Exercise data:
--*--

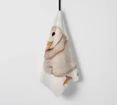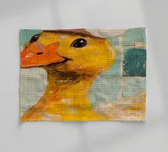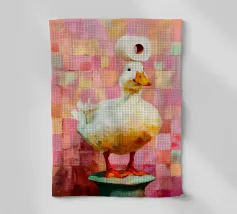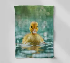 A cute duckling is peeking out from under a soft white towel. Its fluffy yellow feathers and inquisitive eyes create an adorable and charming scene.
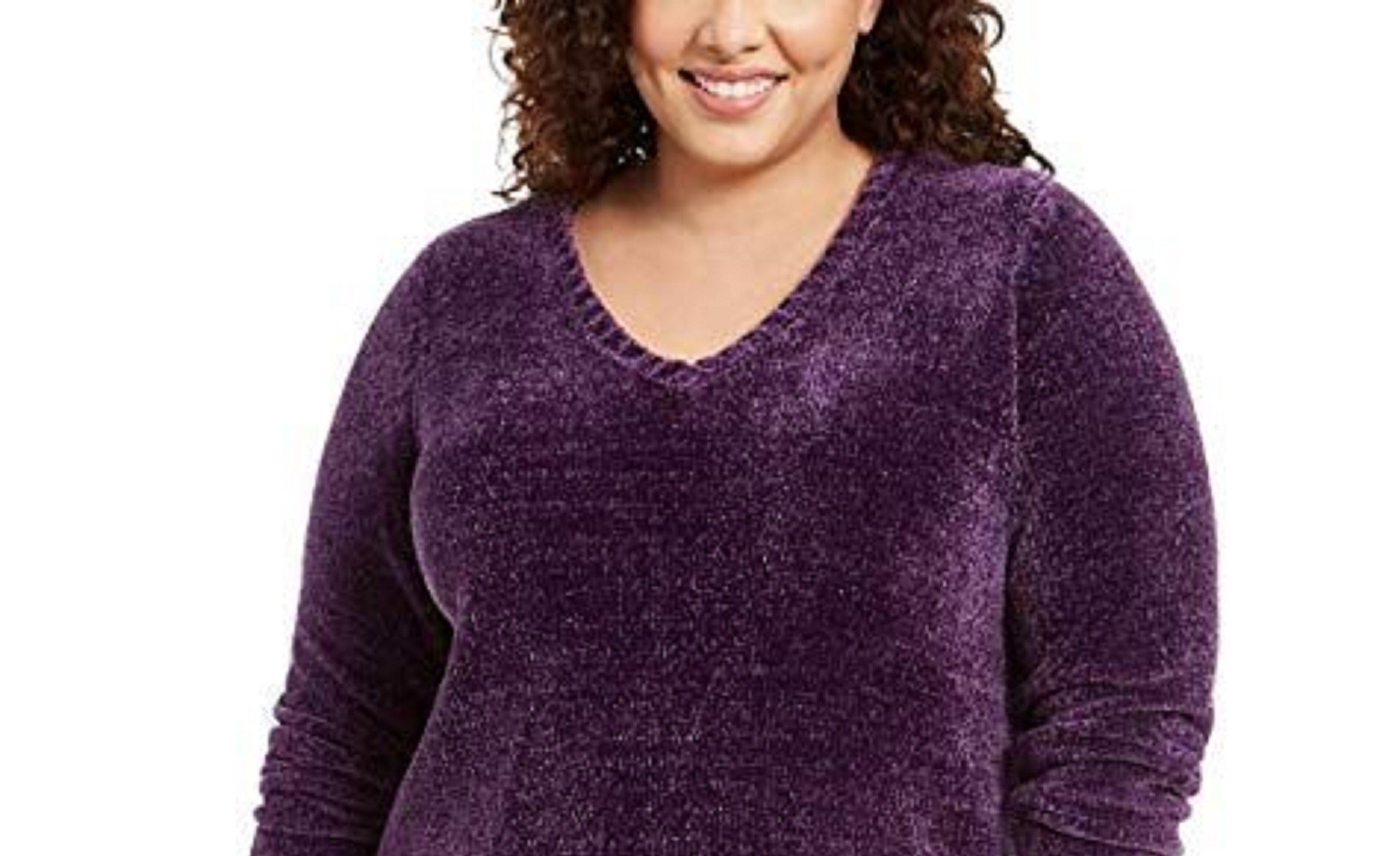 A altura aproximada da modelo é 5'10" e ela está vestindo tamanho 1X | Aprox. 29-1/2" de comprimento | Decote em V | Poliéster | Lavável à máquina | Importado
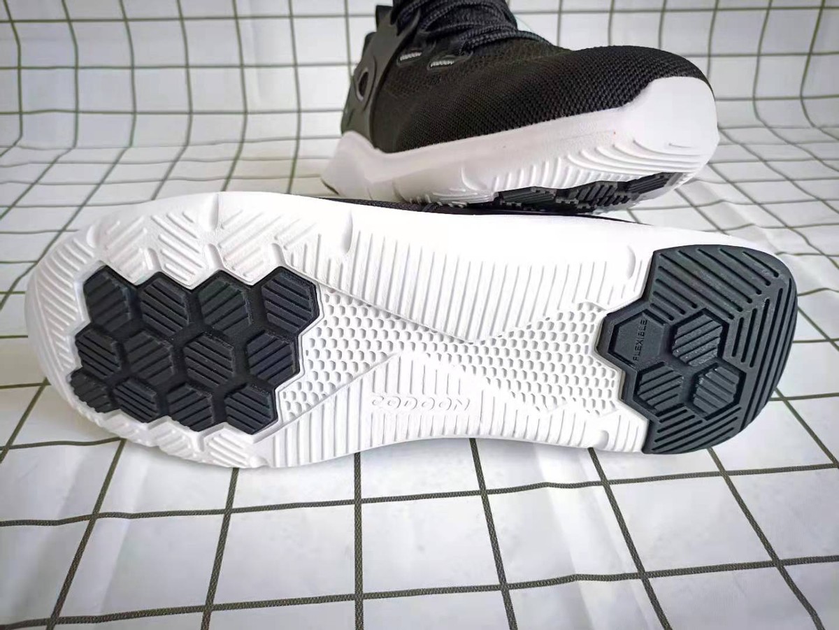 作为一款全生活场景通用的鞋子,鞋底耐磨防滑就显得尤其重要。咕咚采用了高密度的耐磨橡胶,在结构上通过动线的延伸把前后脚掌串联起来;前后脚掌分段式蜂巢纹路设计,让鞋子的抓地力和耐磨性进一步加强。如此设计,适应多种路况,比如:乡间小道、柏油马路、塑胶跑道、甚至雨后的泥泞泥巴路。
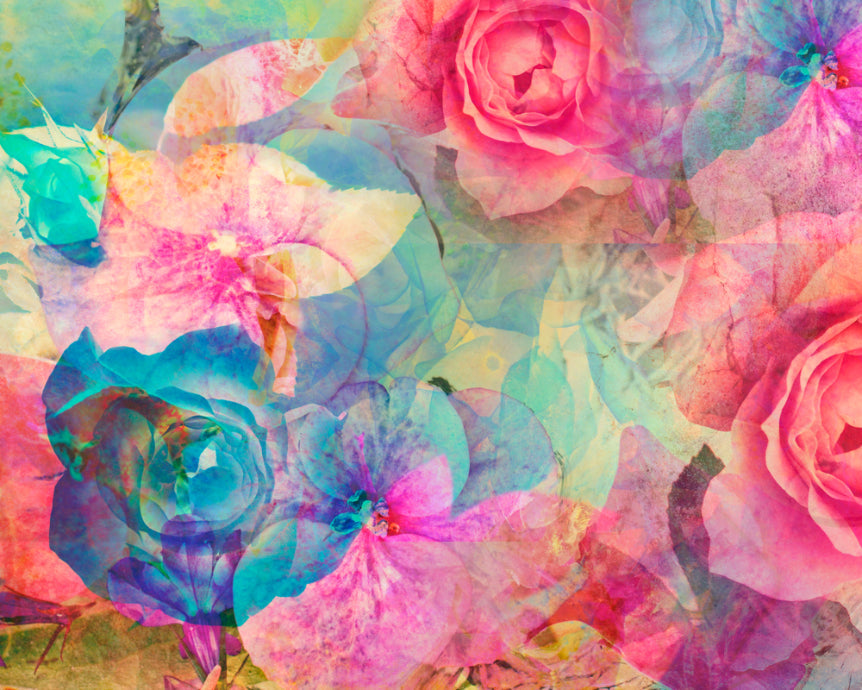 The main image reveals a captivating mural featuring bold, layered roses and softly blurred petals. The double exposure effect fuses petals and blooms, which appear to melt seamlessly into one another. Warm, vibrant colours dance across the scene, evoking a spirited yet refined atmosphere. The composition is visually intriguing, drawing the viewer in and creating an immersive, gallery-inspired backdrop for any room.

--*--

Instructions for the task:
Copy out all the data exactly; skip the pictures.

Solution to this task:
 A cute duckling is peeking out from under a soft white towel. Its fluffy yellow feathers and inquisitive eyes create an adorable and charming scene.
 A altura aproximada da modelo é 5'10" e ela está vestindo tamanho 1X | Aprox. 29-1/2" de comprimento | Decote em V | Poliéster | Lavável à máquina | Importado
 作为一款全生活场景通用的鞋子,鞋底耐磨防滑就显得尤其重要。咕咚采用了高密度的耐磨橡胶,在结构上通过动线的延伸把前后脚掌串联起来;前后脚掌分段式蜂巢纹路设计,让鞋子的抓地力和耐磨性进一步加强。如此设计,适应多种路况,比如:乡间小道、柏油马路、塑胶跑道、甚至雨后的泥泞泥巴路。
 The main image reveals a captivating mural featuring bold, layered roses and softly blurred petals. The double exposure effect fuses petals and blooms, which appear to melt seamlessly into one another. Warm, vibrant colours dance across the scene, evoking a spirited yet refined atmosphere. The composition is visually intriguing, drawing the viewer in and creating an immersive, gallery-inspired backdrop for any room.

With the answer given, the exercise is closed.